* WHAT THE TASK REQUIRES *
Start at the line below containing "Saps quines són" and stop at the line containing "and represent the". Repeat every line of that stretch exactly, and nothing outside it.

* RECORDS SUPPLIED *
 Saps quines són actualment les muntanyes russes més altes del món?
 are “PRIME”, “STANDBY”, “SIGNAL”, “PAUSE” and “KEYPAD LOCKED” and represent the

==

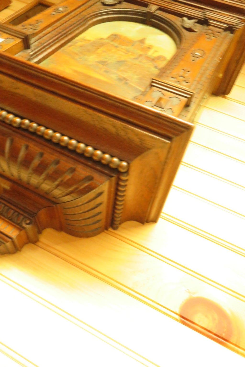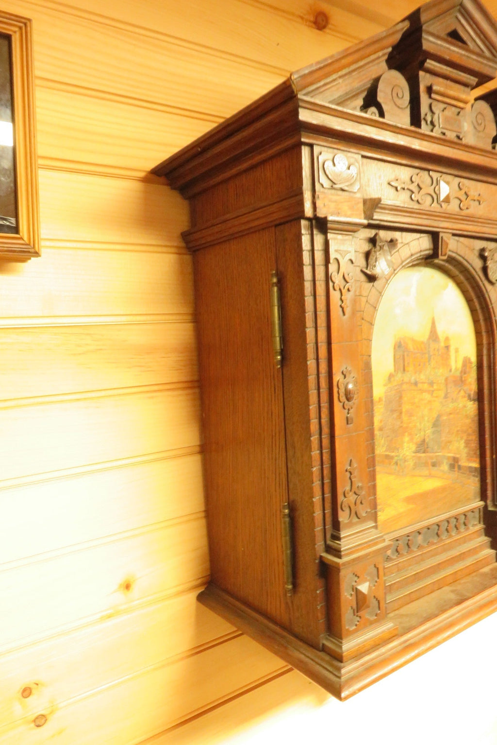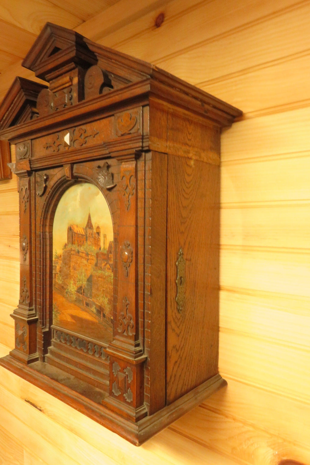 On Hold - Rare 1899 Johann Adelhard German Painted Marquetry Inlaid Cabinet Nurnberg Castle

* RESPONSE *
 Saps quines són actualment les muntanyes russes més altes del món?
 are “PRIME”, “STANDBY”, “SIGNAL”, “PAUSE” and “KEYPAD LOCKED” and represent the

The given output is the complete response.